Veut-on encourager l'investissement productif ou le décourager? Les deux mon colonel! C'est bien ce que l'on constate avec la politique économique actuelle particulièrement ambivalente ou même schizophrène! On veut réindustrialiser la France et développer l'emploi. Ceci passe par l'éclosion de nouvelles entreprises innovantes et on sait qu'au stade de l'amorçage, ni les banques, ni les sociétés dites de capital-risque ne veulent prendre le risque de leur lancement. Ce sont les Business Angels qui investissent leur argent personnel et leur temps. Il y en a environ, et seulement, 6000 en France.
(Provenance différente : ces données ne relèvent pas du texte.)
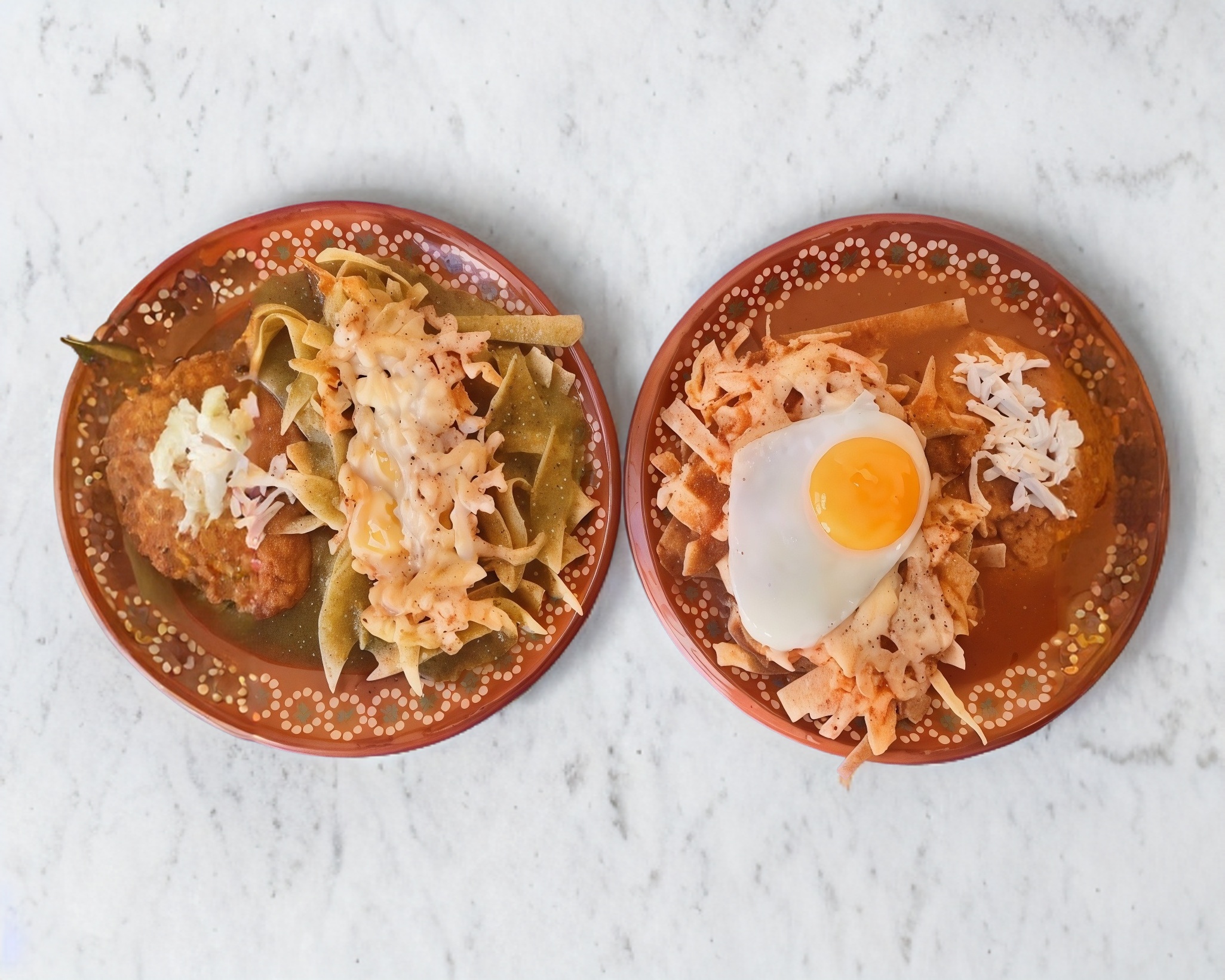 2 piezas de huevos montados en tortillas de nixtamal bañados en salsa roja y verde, acomapañados de frijoles

Parmi elles: 7% de femmes, dont 90% dans notre réseau Femmes Business Angels Ile-de-France. Nous ne sommes pas sexistes et nous investissons aussi bien sur des projets masculins que féminins...

Les femmes s'intéressent à des projets sérieux apportant une innovation réelle, concrète et véritablement utile

Favoriser la création des entreprises, c'est développer le nombre de Business Angels comme dans les pays anglo-saxons. Il y a un immense réservoir de Business Angels potentielles chez les femmes. Mais l'aversion au risque, qui est générale, est encore accentuée chez les femmes qui sont peu joueuses, naturellement prudentes. Cependant elles s'intéressent beaucoup à l'économie réelle et à des projets sérieux apportant une innovation réelle, concrète et véritablement utile. La loi Tepa, en partageant le risque entre les Business Angels et l'Etat, a convaincu plus de femmes d'investir dans plus de projets. Nous avons, sur ce thème, trouvé une écoute attentive auprès de la ministre Fleur Pellerin et de son cabinet, et nous nous félicitons du maintien de la déduction ISF à 50%. Toutefois, en ce qui concerne la déduction IRPP*  -beaucoup de nos membres ne sont pas redevables de l'ISF-, il faudrait impérativement sortir l'investissement PME du plafond de 10.000 euros, comme pour les Sofica et les investissements d'Outre-Mer. Pour les femmes, le choix entre la nounou** et l'investissement PME sera fait au détriment de ce dernier...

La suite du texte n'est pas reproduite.